郷に入っては郷に従えとは、必ずしも人間の関係性の話に限らない。人間界には人間界の掟やルールがあるように、自然界の掟には従わねば、淘汰されるのはこちらだ。
「ナダ。それって、私たちも出て行かなきゃならないかしら」
ダイニングテーブルでガナンの隣に座るローズが首を傾げた。栗色の長い髪の毛が揺れる。
俺は首を振ってみせた。
「主が警戒していたのはラッドじゃない、俺だ。キースの能力を感じ取ったらしい。二人は俺たちが来るよりずっと前からここにいた。引き続きここで生活しても問題はないと思う。まあ、使いの狼が来たら、その時に対応すればいい」
「誰もがあなたみたいに動物と仲よくできる訳じゃないのよ。けど、ひとまずそうね、分かったわ。ボスには振られたって伝えておく」
……嘘をついているようには見えない。
視線を送っていると、ローズはふっと笑んだ。
「何よ。
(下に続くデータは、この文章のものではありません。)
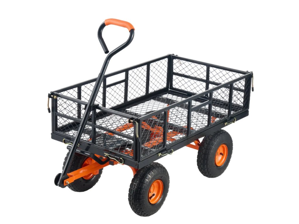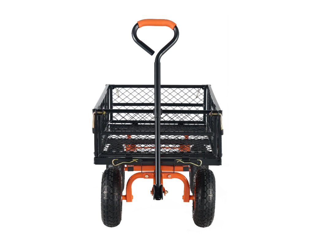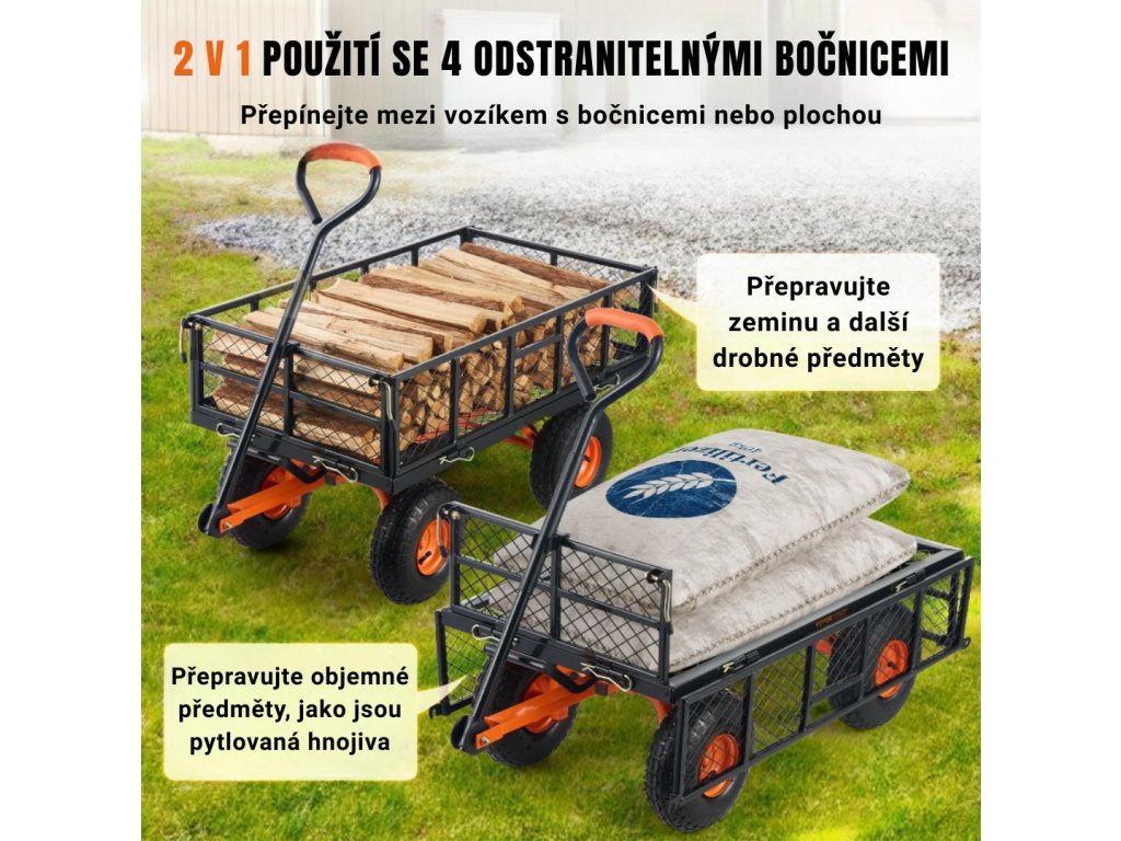 Všechny 4 bočnice jsou odnímatelné, díky čemuž lze vozík přeměnit na přepravní plochu pro velké předměty. Po opětovném nasazení bočnic je možné převážet menší materiály, jako je dřevo nebo zemina, což zajišťuje multifunkční využití.

信じられない?」
「こっそり俺らを監視するんじゃないか」
「ストレートに聞かれて正直に答えると思う? 正直なところ、他にも仕事があるのよ。あなたたちの監視なんて骨が折れそうだし、肩の荷が下りてせいせいしたわ。それにガナンも休ませなきゃね」
「休んでるでしょ」
「全然足りない。今のあなたに課せられた仕事は“休息”よ、分かってるんでしょうね」
ローズは一体どんな“休ませ方”をしているんだろう。気になるが、世の中知らない方が吉と出ることもある。
イコとベイに声をかけて、席から立ちあがった。これ以上ボロを出す前に退散したい。頭がいいフリなんかするものじゃない、こめかみがズキズキと疼いて仕方がない。
「そうそう、ナダ」
玄関の戸が閉まる直前、ガナンの声が追いかけてきた。
「ジゼル殿によろしく」
──パタン。
足の裏が地面に縫い留められたようだ。
渇いた喉を潤そうと生唾を飲み込む。あまり効果はなかった。ただ粘つきを増しただけだった。
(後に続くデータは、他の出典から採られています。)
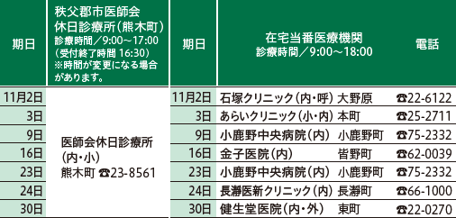※平日、休日の救急医療体制については、秩父郡市医師会ホームページでもご確認できます。

動かない俺を、ベイとイコが怪訝そうに振り返る。二人は何も問わない。銀色の光を冷たい風が、ただ揺らす。
「車の中で話そう、ナダ」
武骨な手が俺の肩を揺らした。車の助手席に押し込まれた。
「あんまり動揺すんな。こうやって揺さぶりを掛けんのはガナンの常套手段だ」
「でも……だけど、ベイ」
助手席から見える景色からどんどん色が失われていく。
最初から世界に色なんてなかったかのように。